TASK REQUIREMENTS ::
The answer must consist solely of the lines below starting at the one containing "TOMADA EL?TRICA C/" and ending at the one containing "RM Richards Top", repeated exactly, with both ends included and all pictures omitted.

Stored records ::
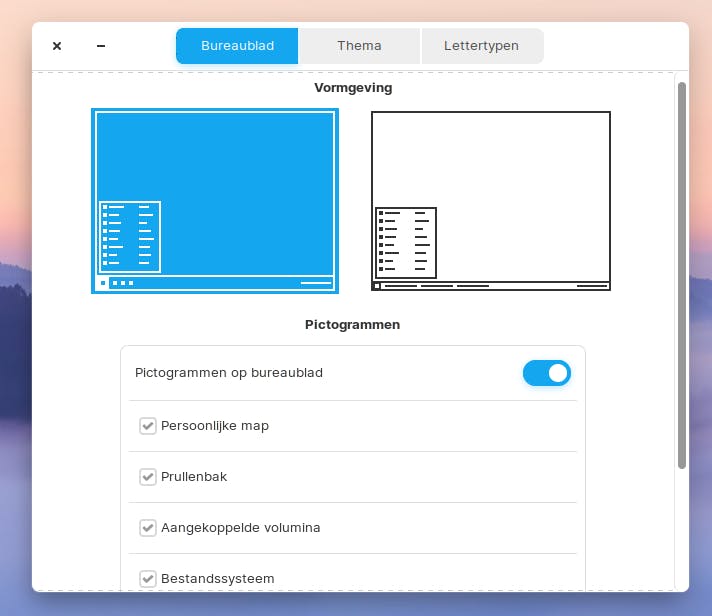 Je voegt eenvoudig diverse systeempictogrammen aan het bureaublad toe. Ga in het startmenu naar Instellingen / Zorin Appearance. In plaats van pictogrammen kun je eventueel ook de volledige programmanamen in de taakbalk weergeven. Klik onder Vormgeving op het tweede beeld. Vink verder naar eigen wens de onderdelen Persoonlijke map, Prullenbak, Aangekoppelde volumina en Bestandssysteem aan. Deze onderdelen verschijnen meteen op het bureaublad. Gebruik ten slotte bovenaan de opties Thema en Lettertypen om diverse uiterlijke kenmerken van Zorin OS aan te passen.
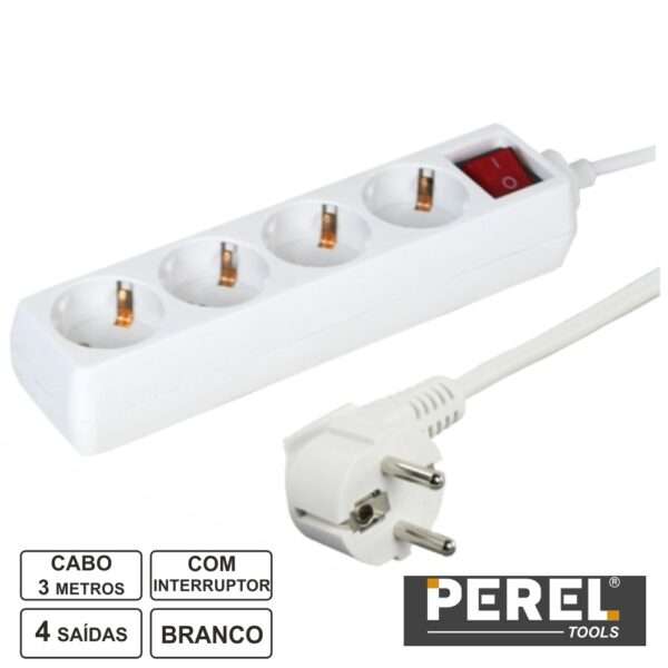 TOMADA EL?TRICA C/ 4 SA?DAS INTERRUPTOR 3M BRANCO PEREL
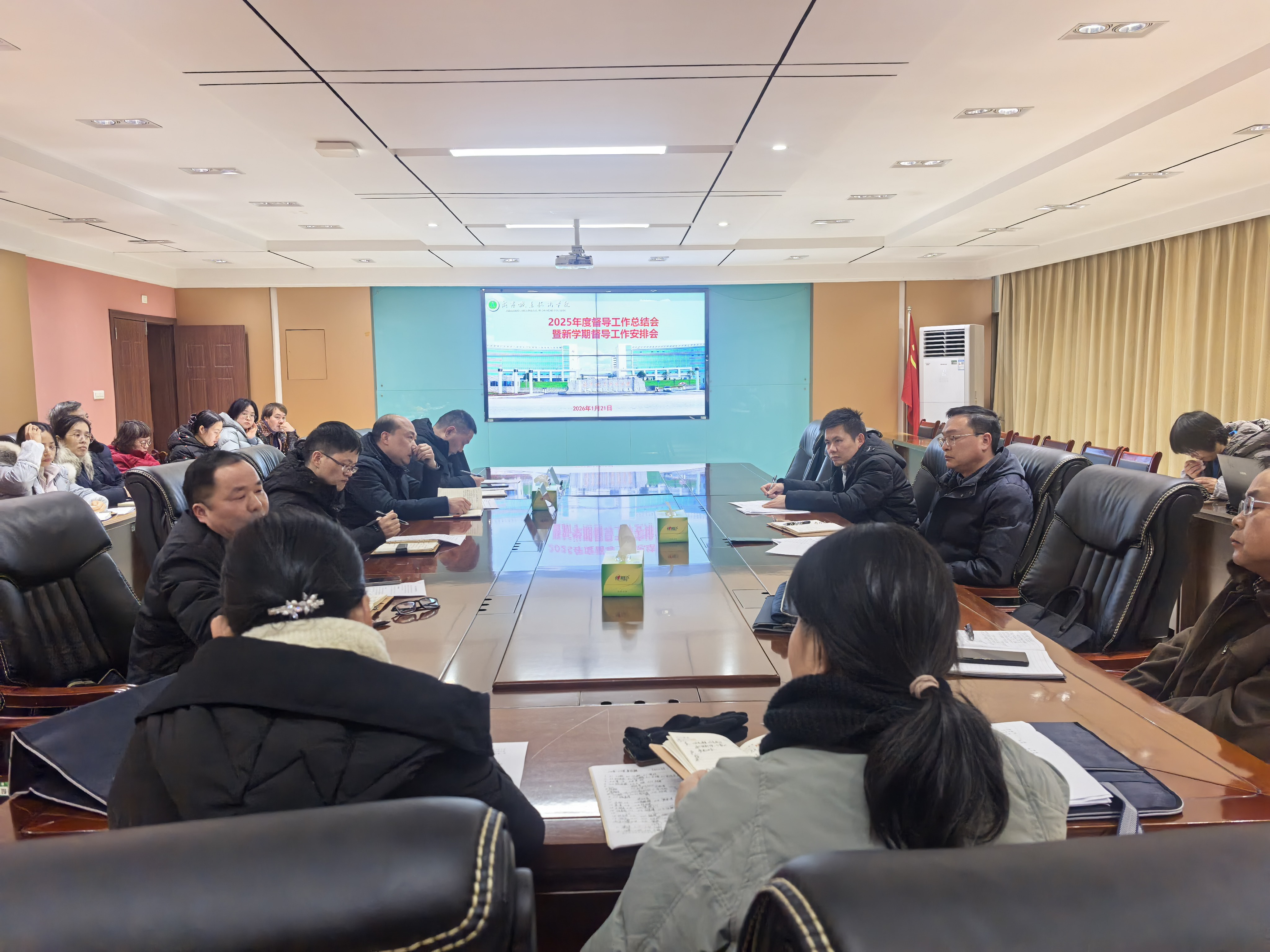 23 | 2026-011月21日下午,学校在厚德楼308室组织召开2025年度教学督导工作总结会暨新学期督导工作安排会,副校长方高文出席会议并讲话。学校专兼职督导、各二级院部教学院长、教务处及发展规划与质量管理处相关人员参加会议。会议由发展规划与质量管理处处长汪耀武主持。会议系统总结了上一年度教学督导工作成效,围绕“优化课堂教学组织、深化‘以学生为中心’的课堂革命”核心任务,对新一年督导工作的重点方向与实施路径进行了部署。副校长方高文在讲话中强调,教学督导是保障教学质量、推动课堂改革、服务职业本科创...
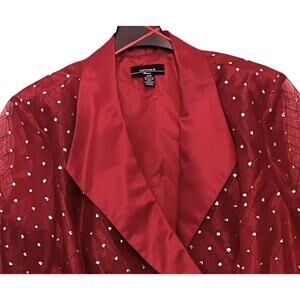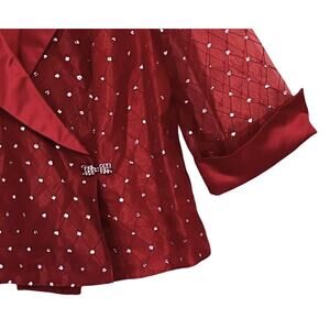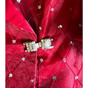 RM Richards Top Womens Size 24 Red Sheer Satin Trim Jewel Clasp Sequins Vintage
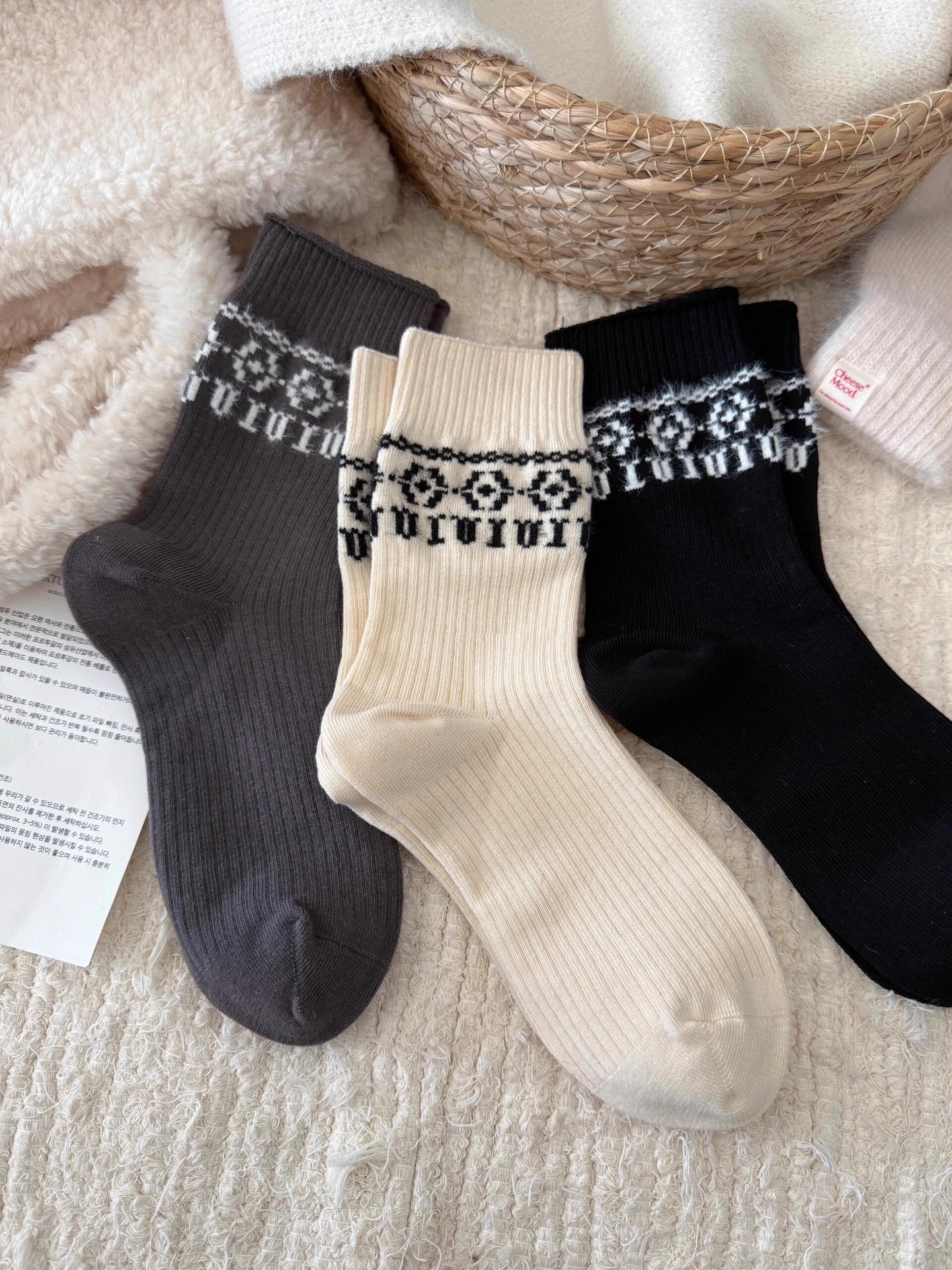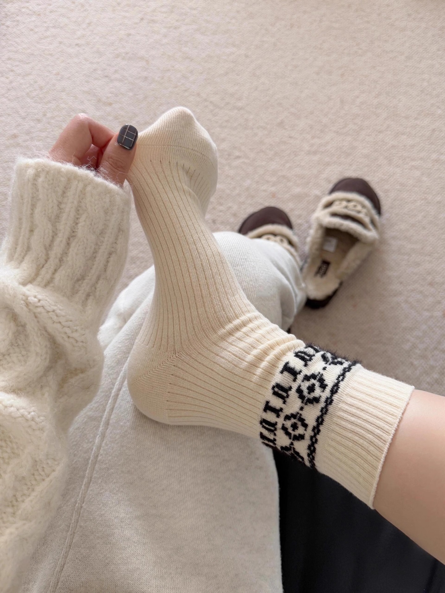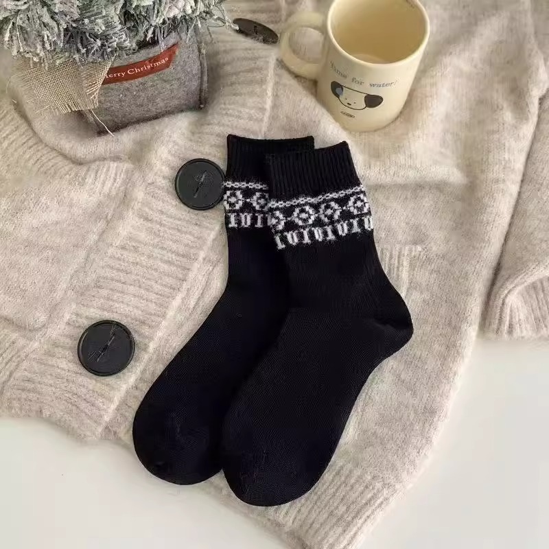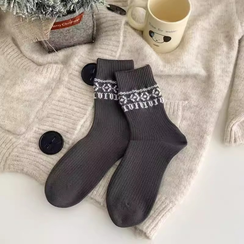 양말 여성용 종아리 중간 양말 봄과 가을 복고풍 니트 자카드 기하학적 단순 민족 스타일 페어 아일 강아지 양말스토어 가기
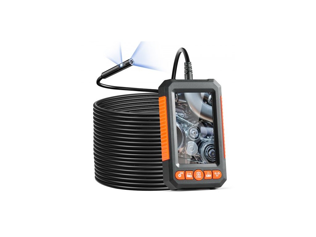 Endoskopická kamera VEVOR se světly Dual Lens Borescope 49,2FT kabel 4,3" obrazovkaNastavitelná světla

RESPONSE ::
 TOMADA EL?TRICA C/ 4 SA?DAS INTERRUPTOR 3M BRANCO PEREL
 23 | 2026-011月21日下午,学校在厚德楼308室组织召开2025年度教学督导工作总结会暨新学期督导工作安排会,副校长方高文出席会议并讲话。学校专兼职督导、各二级院部教学院长、教务处及发展规划与质量管理处相关人员参加会议。会议由发展规划与质量管理处处长汪耀武主持。会议系统总结了上一年度教学督导工作成效,围绕“优化课堂教学组织、深化‘以学生为中心’的课堂革命”核心任务,对新一年督导工作的重点方向与实施路径进行了部署。副校长方高文在讲话中强调,教学督导是保障教学质量、推动课堂改革、服务职业本科创...
 RM Richards Top Womens Size 24 Red Sheer Satin Trim Jewel Clasp Sequins Vintage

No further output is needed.